For a time with Iraq and Afghanistan we had such a purpose. The only problem is, our forces weren’t equipped, trained or optimised for it, we weren’t very good at at, and the worse we did, the more unpopular those wars were. But arguably, has we restructured specifically for COIN, abandoning fanciful amphibious capabilities and conventional battle orders, we might still be there and actually getting somewhere with it.

In the case of Africa, there are several areas where effective counter insurgency operations could help stabilise emerging economies, preventing mass internal displacements and subsequent famines, and having such a presence, in conjunction with an aid and development policy, could contribute to our trade growth ambitions.

Essentially, if Britain had a credible vision and a foreign policy to speak of, the order of battle would largely suggest itself and we could organise our forces accordingly.
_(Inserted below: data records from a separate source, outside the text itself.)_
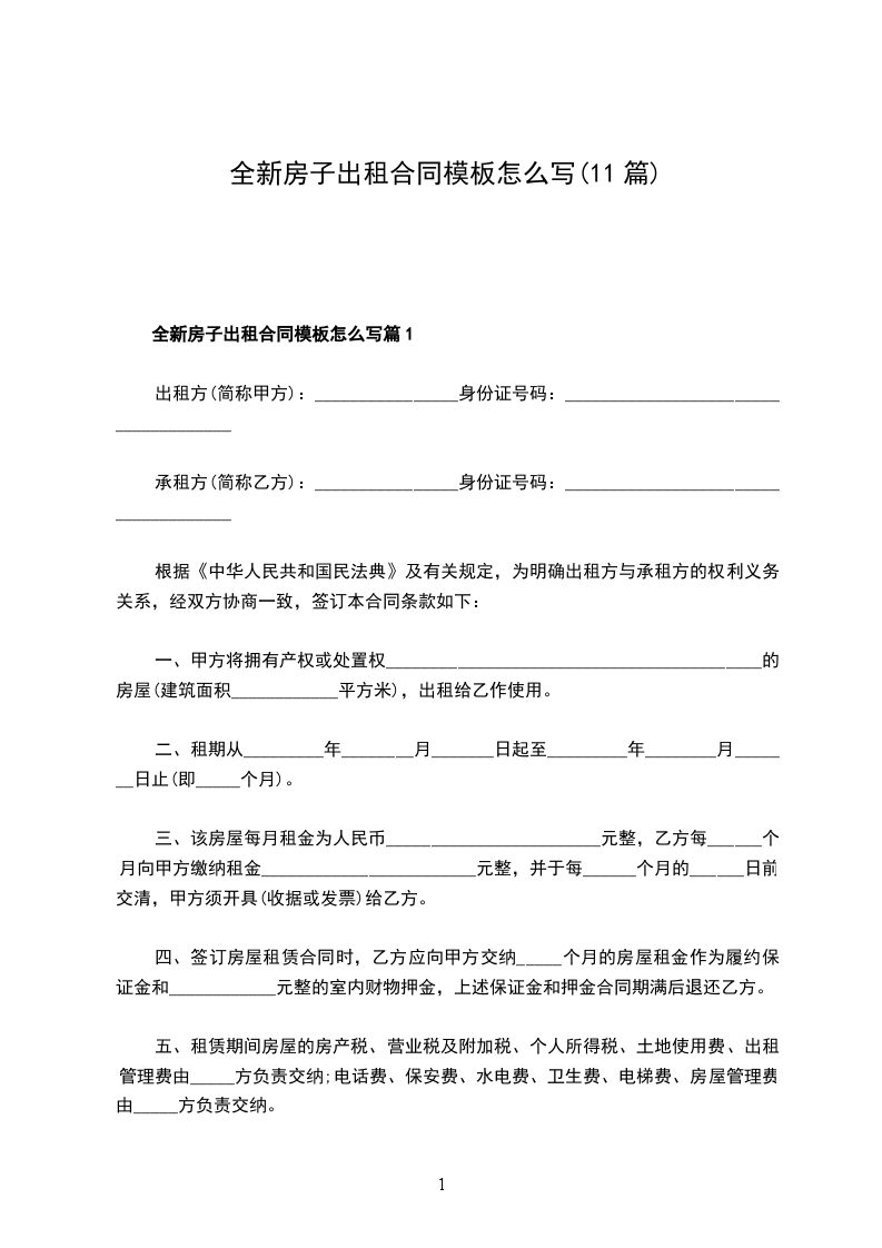 全新房子出租合同模板怎么写篇11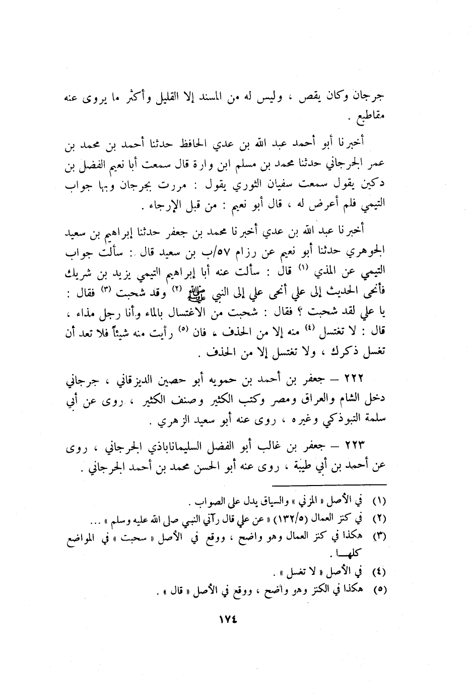 أَخْبَرَنَا عَبْدُ اللَّهِ بْنُ عَدِيٍّ أَخْبَرَنَا مُحَمَّدُ بْنُ جَعْفَرٍ حَدَّثَنَا إِبْرَاهِيمُ بْنُ سَعِيدٍ الْجَوْهَرِيُّ حَدَّثَنَا أَبُو نُعَيْمٍ عن رزام 57/ب بن سعيد قال سألت جواب التيمي عَنِ الْمَذْيِ1 قَالَ سَأَلْتُ عَنْهُ أَبَا إِبْرَاهِيمَ التَّيْمِيَّ يَزِيدَ بْنَ شَرِيكٍ فَأَنْحَى الْحَدِيثَ إِلَى عَلِيٍّ أَنْحَى عَلِيٌّ إِلَى النَّبِيِّ صَلَّى اللَّهُ عَلَيْهِ وَسَلَّمَ2 وَقَدْ شَحُبْتُ3 فَقَالَ: "يَا عَلِيُّ لَقَدْ شَحُبْتَ"؟ فَقَالَ: شَحُبْتُ مِنَ الاغْتِسَالِ بِالْمَاءِ وَأَنَا رَجُلٌ مَذَّاءٌ قَالَ: "لا تَغْتَسِلْ 4 مِنْهُ إِلا مِنَ الْحَذْفِ فَإِنْ 5 رَأَيْتَ مِنْهُ شَيْئًا فَلا تَعُدْ أَنْ تَغْسِلَ ذَكَرَكَ وَلا تَغْتَسِلْ إِلا مِنَ الْحَذْفِ".
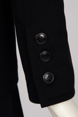 Navy cashmere pea cot with logo buttons. Three logo buttons at the cuffs that are functioning.

For as long as we remain without a mission, our forces will remain an incoherent military blob we throw vast sums of money at for indeterminate returns.

As I’ve argued elsewhere, Britain’s defence malaise is merely symptomatic of a nation that has largely lost its self-confidence, lacks leadership and no longer sees itself as a force for good in the world. Our two failed wars have done a lot of damage to the national morale – which is in part a consequence of a refusal to gear our forces to the long term mission. Generals didn’t want to give up their high tech expensive toys for MRAPS and trucks – and it cost us in lives and credibility.

In essence, the disarray in military procurement is a consequence of a failure to commit to a long term international strategy. We instead keep it value to keep our options open – but that means accomplishing nothing and being unable to affect anythign when it matters. Until the nation rediscovers its sense of purpose, we can’t expect any better from our armed forces.